[PATCH v2] rcu-tasks: Make rude RCU-Tasks work well with CPU hotplug

From: Zqiang
Date: Mon Nov 28 2022 - 09:29:01 EST


Currently, invoke rcu_tasks_rude_wait_gp() to wait one rude
RCU-tasks grace period, if __num_online_cpus == 1, will return
directly, indicates the end of the rude RCU-task grace period.
suppose the system has two cpus, consider the following scenario:

CPU0 CPU1 (going offline)
migration/1 task:
cpu_stopper_thread
-> take_cpu_down
-> _cpu_disable
(dec __num_online_cpus)
->cpuhp_invoke_callback
preempt_disable
access old_data0
task1
del old_data0 .....
synchronize_rcu_tasks_rude()
task1 schedule out
....
task2 schedule in
rcu_tasks_rude_wait_gp()
->__num_online_cpus == 1
->return
....
task1 schedule in
->free old_data0
preempt_enable

when CPU1 dec __num_online_cpus and __num_online_cpus is equal one,
the CPU1 has not finished offline, stop_machine task(migration/1)
still running on CPU1, maybe still accessing 'old_data0', but the
'old_data0' has freed on CPU0.

This commit add cpus_read_lock/unlock() protection before accessing
__num_online_cpus variables, to ensure that the CPU in the offline
process has been completed offline.

Signed-off-by: Zqiang <qiang1.zhang@xxxxxxxxx>
---
kernel/rcu/tasks.h | 20 ++++++++++++++++++--
1 file changed, 18 insertions(+), 2 deletions(-)

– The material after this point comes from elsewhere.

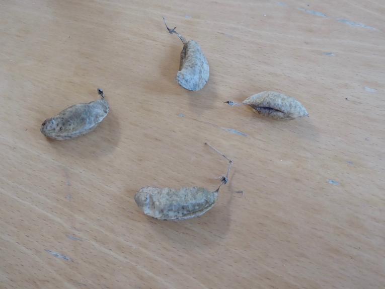 Stamattina, mentre uscivo dalla cucina andando verso il bagno, ho sentito dietro di me un rumore, flebile, frusciante: qualcosa doveva essere caduto sul pavimento, oppure sul tavolo, qualcosa di molto leggero, come un ramoscello con qualche foglia secca, ma poteva anche trattarsi di un piccolo animale. Tornando sui miei passi, e guardando in giro, ben presto notavo, sul pavimento, le forme dei quattro involucri contenenti i semi raccolti a Digne, sparsi sul pavimento in un’area limitata, formando una figura a rombo, quasi perfetta, circa 40 cm la sua diagonale maggiore, circa 20 quella minore. Ci ho messo pochi secondi a capire cosa era accaduto: stamattina (o piuttosto ieri sera? non riesco a ricordarmene, ora) avevo tolto la giacca impermeabile dalla borsa che la conteneva, nel corridoio, appendendola a una gruccia a sua volta appesa alla struttura del soppalco, e quando sono passato lì accanto, toccandola inavvertitamente, i quattro semi, in precario equilibrio all’interno delle maniche, pressati dall’azione lenta ma inesorabile della forza di gravità, erano caduti a terra, producendo quel lieve rumore che mi aveva talmente sorpreso.

diff --git a/kernel/rcu/tasks.h b/kernel/rcu/tasks.h
index 4a991311be9b..08e72c6462d8 100644
--- a/kernel/rcu/tasks.h
+++ b/kernel/rcu/tasks.h
@@ -1033,14 +1033,30 @@ static void rcu_tasks_be_rude(struct work_struct *work)
{
}

+static DEFINE_PER_CPU(struct work_struct, rude_work);
+
// Wait for one rude RCU-tasks grace period.
static void rcu_tasks_rude_wait_gp(struct rcu_tasks *rtp)
{
+ int cpu;
+ struct work_struct *work;
+
+ cpus_read_lock();
if (num_online_cpus() <= 1)
- return; // Fastpath for only one CPU.
+ goto end;// Fastpath for only one CPU.

rtp->n_ipis += cpumask_weight(cpu_online_mask);
- schedule_on_each_cpu(rcu_tasks_be_rude);
+ for_each_online_cpu(cpu) {
+ work = per_cpu_ptr(&rude_work, cpu);
+ INIT_WORK(work, rcu_tasks_be_rude);
+ schedule_work_on(cpu, work);
+ }
+
+ for_each_online_cpu(cpu)
+ flush_work(per_cpu_ptr(&rude_work, cpu));
+
+end:
+ cpus_read_unlock();
}

void call_rcu_tasks_rude(struct rcu_head *rhp, rcu_callback_t func);
--
2.25.1